Tennessee Williams
Tennessee Williams; drawing by Siegfried Woldhek

There can scarcely be a better-documented dramatist in the Western world than Tennessee Williams. His most recent, and best, biographer, John Lahr, counts forty books written about him since his death in 1983.1 Not that he was exactly unknown during his lifetime. After his epoch-making Broadway debut in 1945 with The Glass Menagerie and his subsequent and precipitate anointment as the savior of the modern American theater, his progress both as a writer and as a man was closely interrogated by the usual authorities. In this process Williams, like many a guileless artist before him, colluded, responding with a running commentary on the phenomenon of himself; in his startling essay “The Catastrophe of Success,” published in The New York Times in November 1947, just before the opening of his second Broadway play, A Streetcar Named Desire, he unsparingly describes what happened to him after the triumph of The Glass Menagerie. “I was snatched,” he said,

out of virtual oblivion and thrust into sudden prominence, and from the precarious tenancy of furnished rooms about the country I was removed to a suite in a first-class Manhattan hotel. My experience was not unique. Success has often come that abruptly into the lives of Americans. The Cinderella story is our favorite national myth.

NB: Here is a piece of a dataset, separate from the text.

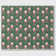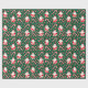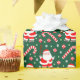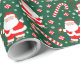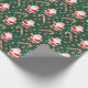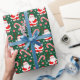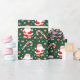 Papel de embrulho de Natal temático de beisebol com Papai Noel usando uma luva e balançando um taco de beisebol.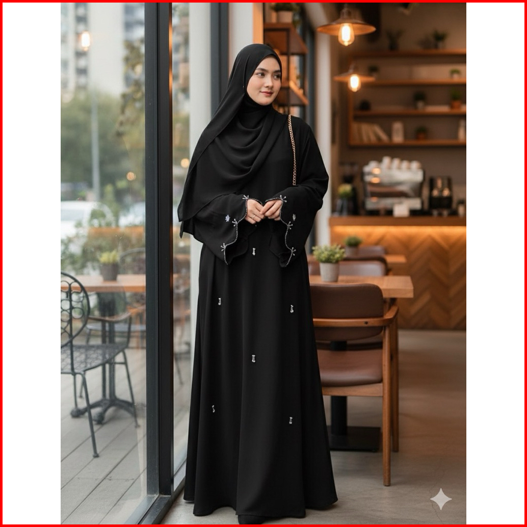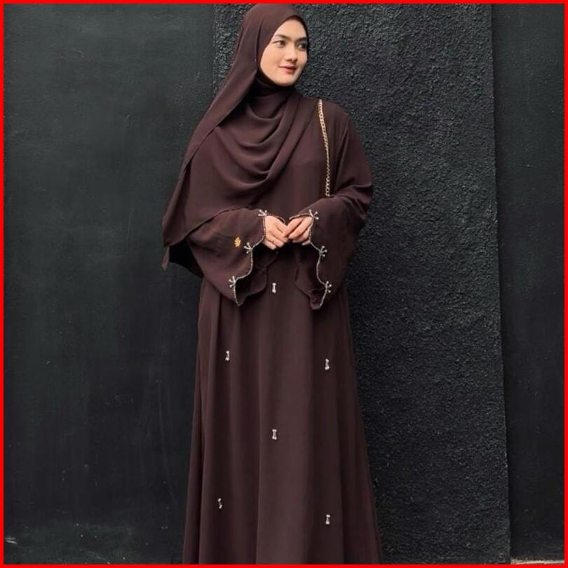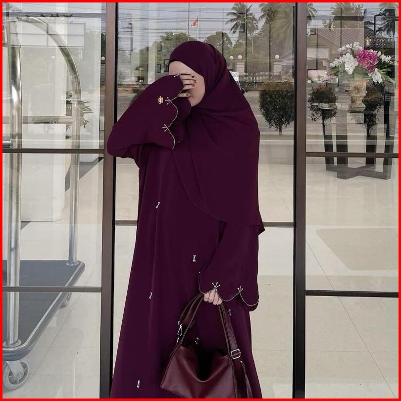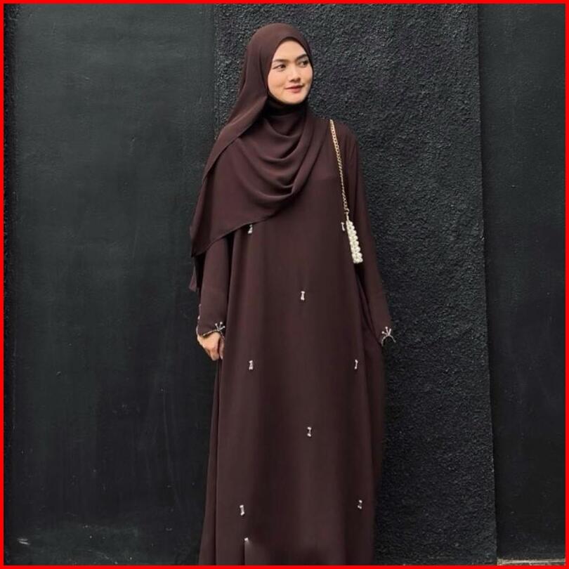 Yasmen Abaya Dress Bahan Marbela Anti Uv Aplikasi Payet Mutiara Abaya Umroh Anti Uv Simple Mewah Elegant

From then until the day he died, in a series of newspaper articles, interviews in print and on television, and his lurid stream-of-consciousness Memoirs (1972), he freely shared his hopes, his doubts, his lusts—his self-assessment, in fact—with the American public. The plays themselves, it was widely understood, were often explicitly, always implicitly, autobiographical. And from a very early point, reviewers of his work—which encompassed not just theater pieces but poetry, short stories, and novels—addressed the Tennessee Williams problem. He was, he said, “a victim of the false intensities” that seemed to follow “on the transformation of a creative writer to a public figure.” Whither Williams? asked the critics. Almost from the beginning, encouraged by him, they ceased reviewing his work, preferring, as Orson Welles remarked of himself, to review him. It is astonishing, in these circus-like circumstances, that he produced so much extraordinary and enduring work.

All these matters have been discussed exhaustively in the vast Williams bibliography. Is there really room for more? Astonishingly, there is. The Luck of Friendship ( “Four Decades of One of the Most Unlikely Friendships in American Literature,” as Peggy L. Fox’s introduction splendidly puts it) is a most welcome addition, not simply because Williams was a world-class correspondent, but because it reveals an aspect of him that is rarely examined: his life as a working writer. Moreover, his epistolary partner, the publisher James Laughlin, was, in his very different way, also a titan—an unusually quiet one, to be sure, but unquestionably one of the central figures of American letters of the last century.

As his biographer Ian MacNiven writes in “Literchoor Is My Beat, Laughlin, the founder of New Directions,

courted the art of self-effacement. But even as he practiced disappearance, a behind-the-scenes master rather than a public figure, he, more than any other person of the twentieth century, directed the course of American writing and crested the waves of American passions and preoccupations.2

One of the principal justifications for that substantial claim is that he was Tennessee Williams’s publisher. “It was James Laughlin in the beginning and it remains James Laughlin now,” Williams wrote in a tribute to his old friend in 1983, forty years after their first meeting. Their relationship is superbly documented in The Luck of Friendship, which presents a double portrait of these two utterly different men involved in the particular emotional relationship that occasionally prevails between publisher and author: it is that rare thing, a publishing romance.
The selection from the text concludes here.